Pelatih Dortmund itu menegaskan bahwa pengalaman menyakitkan seperti ini merupakan bagian dari perkembangan seorang pemain muda.

“Hidup terus berjalan,” tutup Kovac. “Dia tidak melakukannya dengan sengaja dan dia harus belajar dari itu. Pada akhirnya, itulah juga yang kami inginkan: anak itu punya emosi.”

“Tentu saya berbicara dengannya,” tambah Kovac dalam konferensi pers usai pertandingan. “Itu hal yang normal bagi seseorang yang berada di lapangan dalam waktu sesingkat itu. Orang bisa sepenuhnya memahami bahwa seorang Italia sangat emosional, sangat sedih, dan menangis.
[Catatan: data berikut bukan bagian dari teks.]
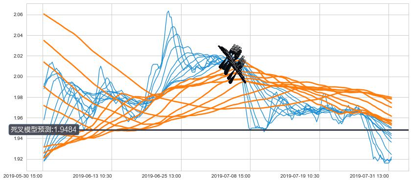 ➣ 90小时均线于(07-05 10:30: 2.004)形成【死叉】基于【死叉历史模型】预测死叉后最低波谷价格: 1.9204, 死叉后最低价格1.9000,已经下跌超出预测最低波谷价格, 预期反弹

“Saya menghiburnya dan memberi semangat kepadanya,” lanjut Kovac. “Itu bagian dari sepak bola. Dia tidak melakukannya dengan sengaja, tetapi akan belajar dan berkembang dari itu. Dia pasti akan menanganinya secara berbeda di masa depan.”

Bek Dortmund, Waldemar Anton, juga memberikan dukungan kepada rekan setim mudanya itu.

“Dia pemain muda yang sangat termotivasi,” ujar Anton di mixed zone. “Mendapat kartu merah seperti itu sangat pahit dan tentu saja sangat membuat frustrasi. Tetapi dia punya kualitas yang luar biasa besar.”